In 1982, it was shown that it is possible to use the information contained in a far-field diffraction pattern to ‘almost uniquely’ reconstruct an isolated object². Numerous experimental demonstrations for simple objects followed^3,4,5. So far, the technique has been used to investigate a variety of complex problems, from tomographic mapping of strain fields inside a nanocrystal⁶ to high-resolution imaging of a yeast cell⁷. Phase information from a diffracted wavefield is not explicitly recorded in the measured intensity and must be extracted from the diffraction pattern; all coherent diffractive imaging (CDI) techniques therefore involve some form of phase retrieval. To enable the phase determination, the intensity distribution must be sampled at a spacing that is finer than its Nyquist frequency⁸, which in turn requires that the sample be finite. For the case of an object with a boundary inside the incident wavefield, the sampling criterion can often be satisfied so that, for all practical purposes, a unique solution exists.

With a finite, diverging beam, it is possible to illuminate a small isolated region within a large object. In this letter we show that the illumination itself can be used to define the boundary of an effective object giving rise to a finite wave exiting the sample. We discuss our results in terms of the exit surface wave (ESW), which we define as the modification to the incident wave caused by interaction with the sample. The sample size requirements on the imaged object in plane-wave CDI here apply to the spatial extent of the ESW; no limitations are therefore placed on the spatial extent of the object itself.
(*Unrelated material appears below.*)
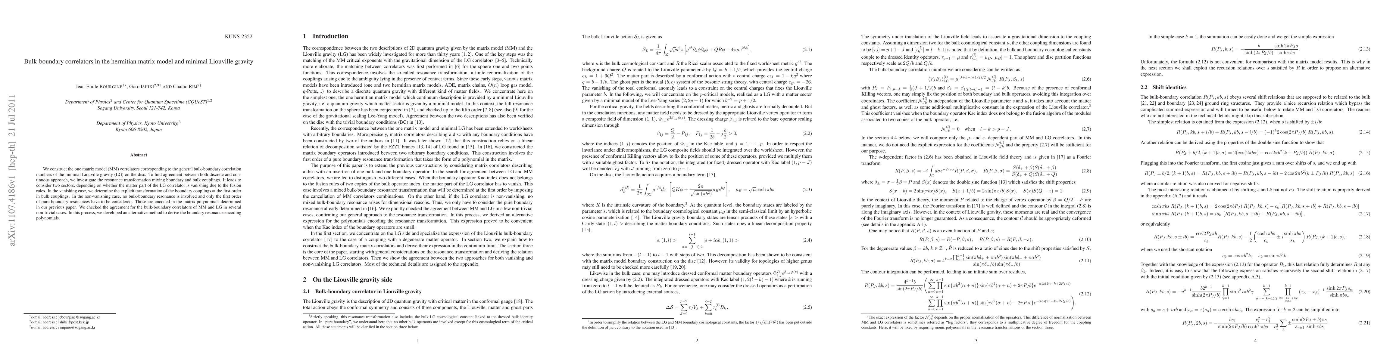 Researchers develop a method to compare bulk-boundary correlators between two theories, the hermitian matrix model and minimal Liouville gravity, finding agreement in several non-trivial cases.

In keyhole coherent diffractive imaging (KCDI), a beam is focused and the object is placed downstream of the focal point so that it is illuminated by a diverging wave⁹. Thus, although the measurement takes place in the far field, the diffracted wave is related to the object via the Fresnel diffraction formalism so that, for an ESW of finite extent, a unique solution for the phase of the diffraction pattern is guaranteed¹⁰. Image reconstruction generally involves iteratively determining a complex wave that is consistent with the measured intensity (‘modulus’ constraint) and some known experimental information, such as the size and/or shape of the ESW (‘support’ constraint). Here, we iterate using the error reduction¹¹ (ER) algorithm to solve for the phase of the diffracted wave in the plane of the detector. It has been shown that this method finds a unique solution rapidly and reliably in the Fresnel regime⁹.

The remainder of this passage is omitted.